While some consider old people to be a precious commodity because of all their gathered experience, some can’t wait to get rid of them, either by putting them in homes or by simply abandoning them. And that is a sad reality, since most elderly citizens are oases of information and knowledge; not that they’re always willing to share.
Of course, that is mostly a generalization, as elderly citizens are just that – citizens that happen to be old – so they’re of course as individualized as everyone else. But I had to start on that note, as what’s going to happen over the next few decades can either go very well or very poorly.
I’m referring to the fact that a new study from the U.S. Census Report found that the world’s elderly population will double by 2050. The study refers to senior citizens aged 65 and older, which will reach some 1.6 billion, or 17 percent of the world’s population within the next four decades.
As opposed to those numbers, today’s elderly make up some 8.5 percent of the population, or some 617 million people. In the United States alone, the number of senior citizens will nearly double, going from 48 million to around 88 million. And there are multiple reasons for this worldwide elderly boom.
First and foremost, life expectancy has been on a steady climb over the past decades. The worldwide life expectancy is expected to climb from 68.6 to 76.2 years. This means that the percentage of elders aged 80 and older, part of the “oldest old” age group, will more than double, climbing from 126.5 million to 446.6 million. The majority of these are found in Latin America and Asia.
But things aren’t necessarily as hopeful as they might seem. According to Richard J. Hodes, the director of the National Aging Institute and the man who commissioned the study,
People are living longer, but that does not necessarily mean that they are living healthier. The increase in our aging population presents many opportunities and also several public health challenges that we need to prepare for. NIA has partnered with Census to provide the best possible data so that we can better understand the course and implications of population aging.
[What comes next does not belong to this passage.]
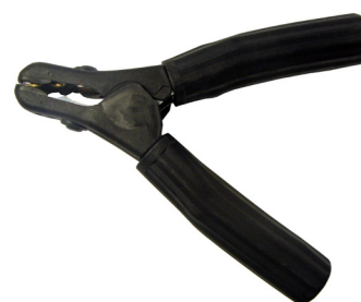
Connection set for HV connections

The information in this document is subject to change without notice and should not be construed as a commitment by Megger Germany. Megger Germany assumes no responsibility for any errors that may appear in this document.

As for the health conditions most likely to affect this predicted elderly growth, non-infectious diseases are the number one threat. But this is mostly true for high-income countries, like the U.S. Meanwhile, for poorer countries, the biggest threat is that posed by infectious diseases.
Negative and heath-detrimental lifestyle factors strangely seem to have been increasing in the ranks of the senior citizens, with alcohol use, smoking, and lack of an adequate diet and exercise contributing to the global burden of disease.